What to produce
Begin with the line below holding "My save find" and go on through the line holding "В составе внешних", duplicating each line exactly and leaving out pictures.

Data excerpts
______

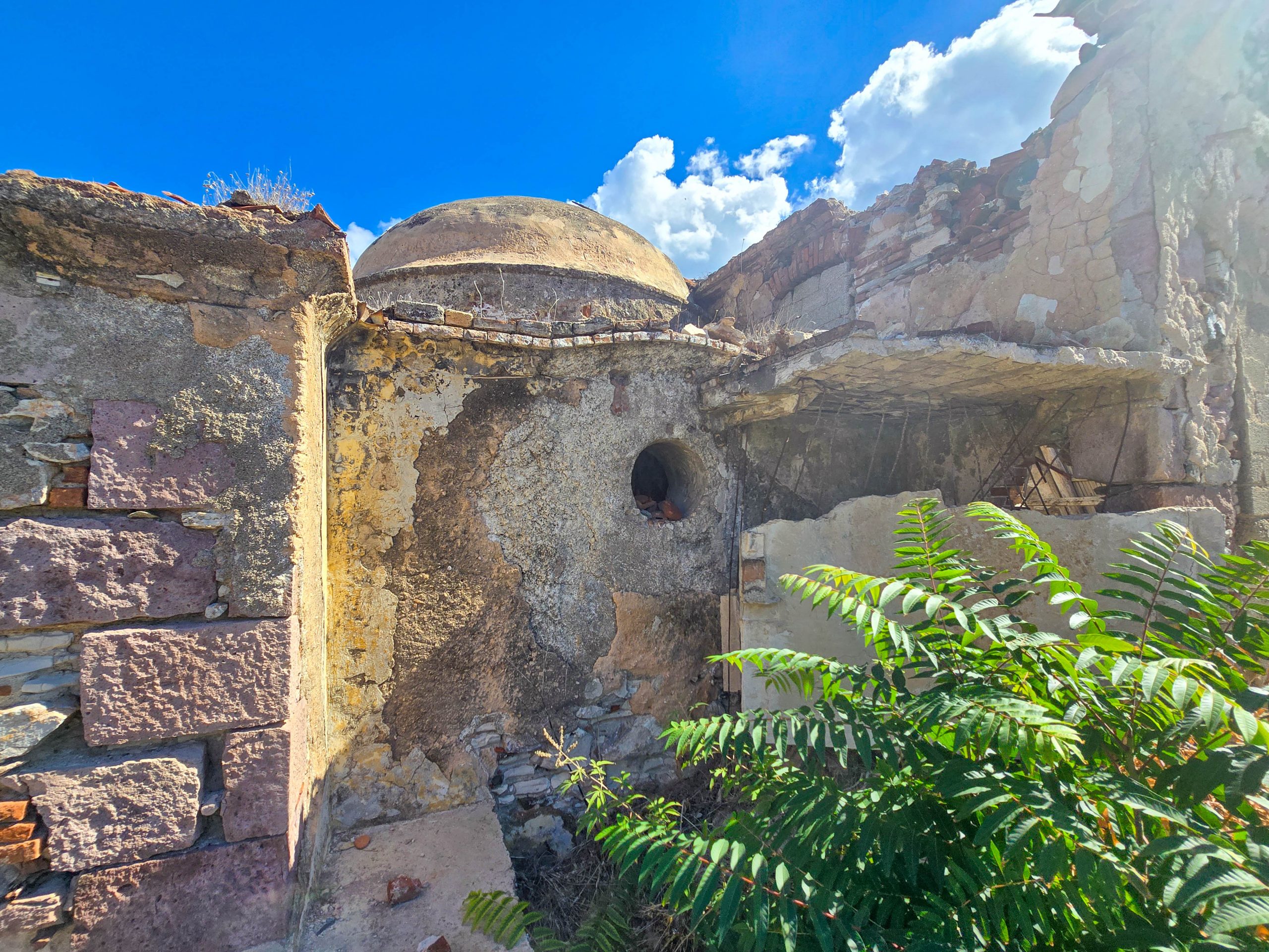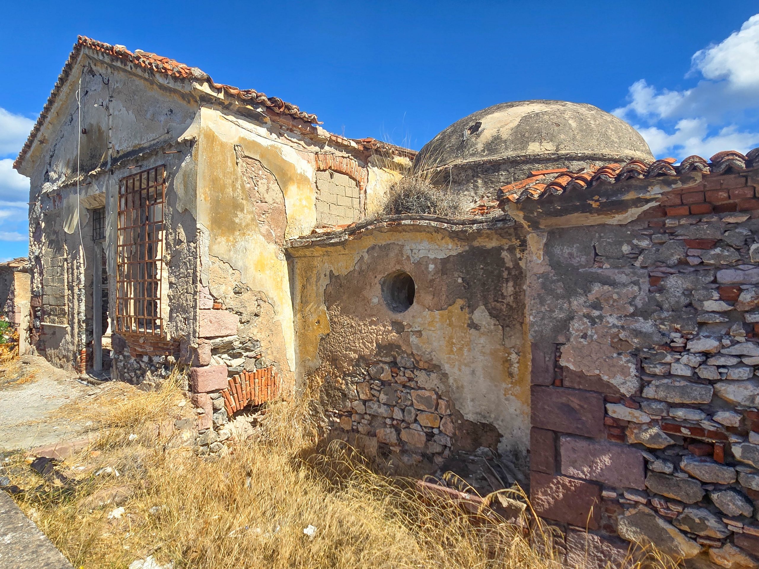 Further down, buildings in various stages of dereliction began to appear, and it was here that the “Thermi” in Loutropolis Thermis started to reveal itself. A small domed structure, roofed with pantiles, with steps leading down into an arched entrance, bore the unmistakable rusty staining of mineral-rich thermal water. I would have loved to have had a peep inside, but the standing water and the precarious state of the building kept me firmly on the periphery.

______

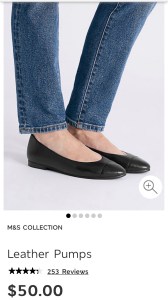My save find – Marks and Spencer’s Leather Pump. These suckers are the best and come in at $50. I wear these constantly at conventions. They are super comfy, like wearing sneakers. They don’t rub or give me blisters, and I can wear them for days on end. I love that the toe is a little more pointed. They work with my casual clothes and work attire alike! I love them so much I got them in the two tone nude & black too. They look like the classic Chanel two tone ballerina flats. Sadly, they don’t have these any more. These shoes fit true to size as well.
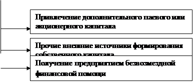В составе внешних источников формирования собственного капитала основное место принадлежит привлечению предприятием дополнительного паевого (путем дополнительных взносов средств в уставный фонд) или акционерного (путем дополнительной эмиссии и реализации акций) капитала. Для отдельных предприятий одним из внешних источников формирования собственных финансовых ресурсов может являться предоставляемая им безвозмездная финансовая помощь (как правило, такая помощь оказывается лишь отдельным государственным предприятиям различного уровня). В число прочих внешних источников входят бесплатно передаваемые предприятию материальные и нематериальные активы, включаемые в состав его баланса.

______

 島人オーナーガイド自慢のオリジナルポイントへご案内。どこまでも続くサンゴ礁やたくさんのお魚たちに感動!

______

Answer section
My save find – Marks and Spencer’s Leather Pump. These suckers are the best and come in at $50. I wear these constantly at conventions. They are super comfy, like wearing sneakers. They don’t rub or give me blisters, and I can wear them for days on end. I love that the toe is a little more pointed. They work with my casual clothes and work attire alike! I love them so much I got them in the two tone nude & black too. They look like the classic Chanel two tone ballerina flats. Sadly, they don’t have these any more. These shoes fit true to size as well.
В составе внешних источников формирования собственного капитала основное место принадлежит привлечению предприятием дополнительного паевого (путем дополнительных взносов средств в уставный фонд) или акционерного (путем дополнительной эмиссии и реализации акций) капитала. Для отдельных предприятий одним из внешних источников формирования собственных финансовых ресурсов может являться предоставляемая им безвозмездная финансовая помощь (как правило, такая помощь оказывается лишь отдельным государственным предприятиям различного уровня). В число прочих внешних источников входят бесплатно передаваемые предприятию материальные и нематериальные активы, включаемые в состав его баланса.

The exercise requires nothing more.